Entspricht seinen eigenen Überzeugungen

Der 31-Jährige arbeitet hauptberuflich im Verkaufsinnendienst bei einem Pharmaunternehmen in Herisau. Sich selbstständig zu machen, war schon lange sein Wunsch. Viele Geschäftsideen hatte er, umgesetzt wurde bislang aber keine. Beim «Appenzeller Garten» war die Ausgangslage jedoch eine andere. «In den Zeiten der Globalisierung und Digitalisierung werden Güter mit regionaler Tradition immer wichtiger», so Bremgartner. Eine Entwicklung, die ihm sehr am Herzen liegt. Auch er kauft Bio-Lebensmittel aus der Region, setzt auf Nachhaltigkeit und legt Wert darauf, kleinere Betriebe zu unterstützen. «Für mich war das wohl ausschlaggebend, dass ich sagte, ich setze meine Geschäftsidee tatsächlich um: Ich kann zu 100 Prozent hinter dem stehen, was ich propagiere.»

Bald auch Trachten im Online-Shop?

«Für mich ist meine Firma eine Investition in meine Zukunft», so Bremgartner weiter. Er möchte den «Appenzeller Garten» als langfristig angelegten Nebenerwerb aufbauen und später zu einem Familienunternehmen ausdehnen. Dazu will er den Bekanntheitsgrad in den nächsten Monaten weiter ausbauen. Schweizweit sollen die Appenzeller Spezialitäten neue Kundschaft erreichen. Dafür ist Bremgartner auch an Messen wie der Zuger Messe Ende Oktober vertreten. In Zukunft könnte das Sortiment erweitert werden. Denkbar wäre es, dass nebst den kulinarischen Produkten auch Musik, Gürtel oder Trachten zum Kauf angeboten werden. Worauf Bremgartner genau setzen wird, ist noch unklar. Entscheidendes Kriterium: «Der Appenzeller Bezug muss auf den ersten Blick erkennbar sein. Darauf lege ich grossen Wert.» Er sei stolz auf seine Heimat. Darum möchte er auch für Produkte von hier einstehen.

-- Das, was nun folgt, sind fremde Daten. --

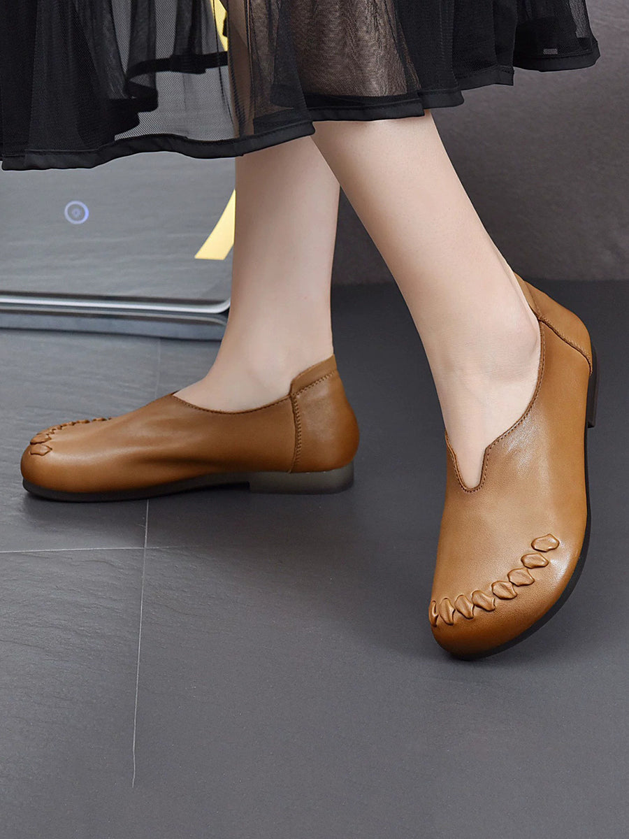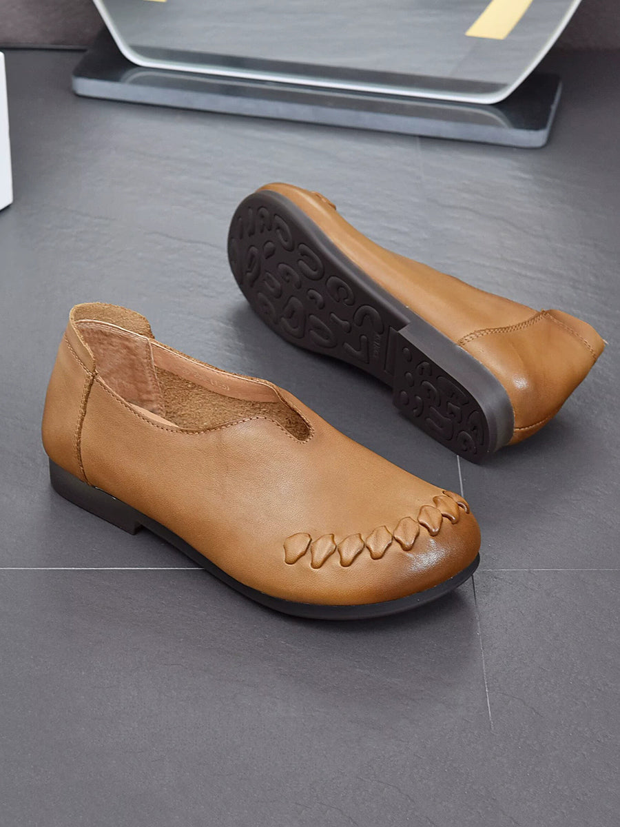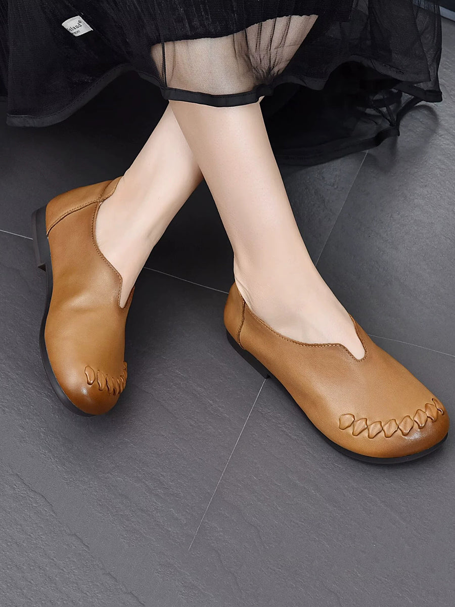 Vielseitige Damenschuhe aus echtem Leder mit niedrigem Absatz

Viel Vorbereitung hat der Herisauer in seine Firma investiert: Das Logo wurde entworfen, Flyer gedruckt, die Webseite entworfen, Verpackungsmaterial besorgt. Gab es auch Anfangsschwierigkeiten? «Ja. Dass die Kosten für die Verpackungen derart hoch sein werden, damit hatte ich wirklich nicht gerechnet.» Doch um diese Aufwendungen kommt er auch künftig nicht herum. Ganz im Gegenteil: Bremgartners Wunsch ist es, den Vertrieb seiner Geschenksets zu stärken. Dies seien ideale Kunden- oder Mitarbeitergeschenke, ist er überzeugt. Er hofft auf viele Bestellungen. «Mein Traum ist es immer noch, einmal ein ganzes Wochenende lang zu ‹päcklen›.»